**Work order**
The answer must be the lines from the one that holds "Artemides Onfale light, designed" through the final line of the data, copied exactly, with no pictures.

**Data block**
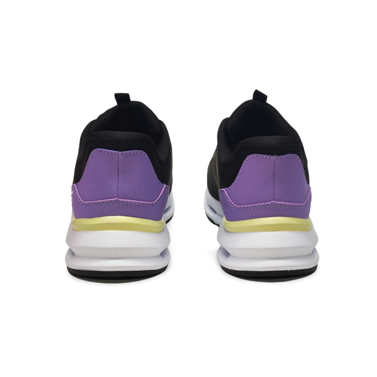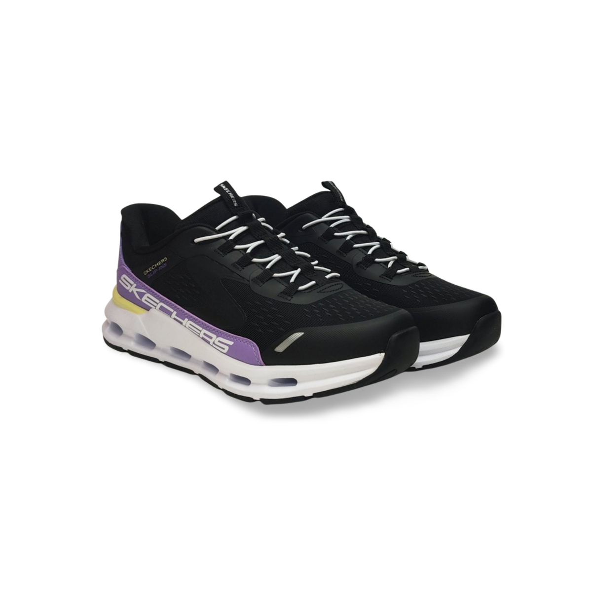 Sneakers Slip-ins donde no hará falta agacharse ni las manos para calzarte. Con una entresuela geométrica Glide-Step la cual está diseñada para proporcionar un impulso y amortiguación natural con cada paso. Plantilla Air-Coleed Memory Foam extraible,En tono negro con detalles en violeta, amarillo y blanco. Suela en tono blanco y cordones elásticos en blanco. Lavables en máquina.
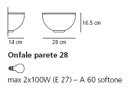 Artemides Onfale light, designed by Luciano Vistosi comes as a wall lamp, with matching table version. The wall light is available in two sizes and in IP 40 degree version (28 vetro chiuso). Materials: wall support in chromed metal. Diffuser in white blown glass with transparent crystal edge. Colours: chrome (wall support), white (diffuser). Light emission: indirect and diffused, only diffused with Onfale 28 enclosed version. |
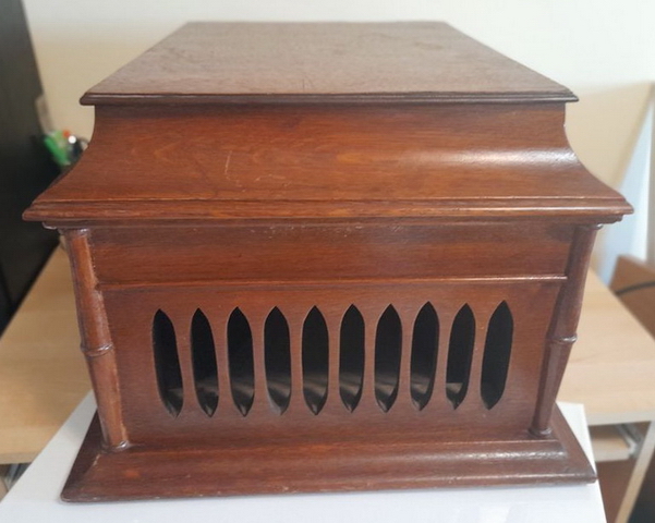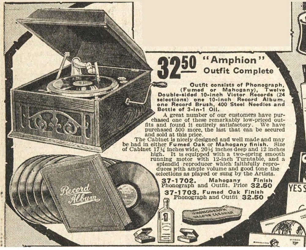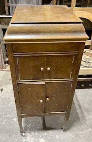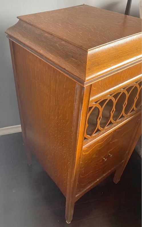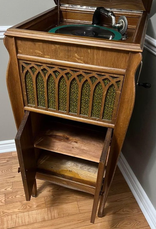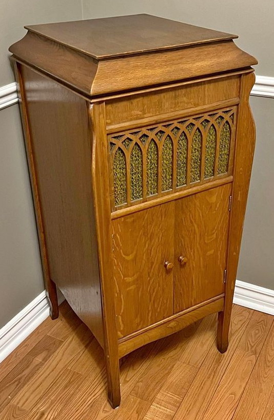 An upright Amphion in oak identical to a model advertised by Eatons in 1926. For sale in View Royal, B.C. in 2024 through Facebook Marketplace. Submitted by Lance Husoy.
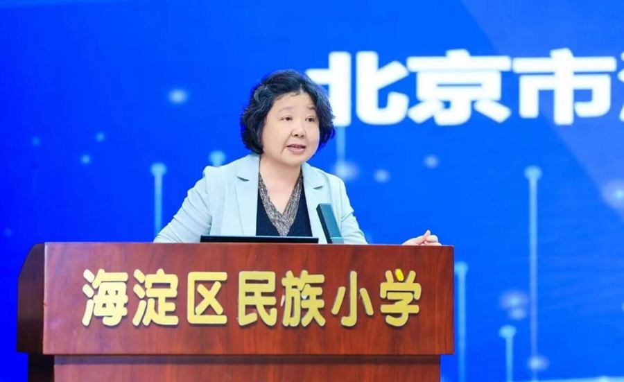 海淀区教育科学研究院吴颖惠院长为本次活动作总结讲话。她首先充分肯定了民族小学在人工智能教育应用上取得的“非常可喜的探索”成果,称赞学校将希沃系统等现有工具“用到了极致”,为全区学校提供了宝贵的典型范例。

**Response to this exercise**
 Artemides Onfale light, designed by Luciano Vistosi comes as a wall lamp, with matching table version. The wall light is available in two sizes and in IP 40 degree version (28 vetro chiuso). Materials: wall support in chromed metal. Diffuser in white blown glass with transparent crystal edge. Colours: chrome (wall support), white (diffuser). Light emission: indirect and diffused, only diffused with Onfale 28 enclosed version. |
 An upright Amphion in oak identical to a model advertised by Eatons in 1926. For sale in View Royal, B.C. in 2024 through Facebook Marketplace. Submitted by Lance Husoy.
 海淀区教育科学研究院吴颖惠院长为本次活动作总结讲话。她首先充分肯定了民族小学在人工智能教育应用上取得的“非常可喜的探索”成果,称赞学校将希沃系统等现有工具“用到了极致”,为全区学校提供了宝贵的典型范例。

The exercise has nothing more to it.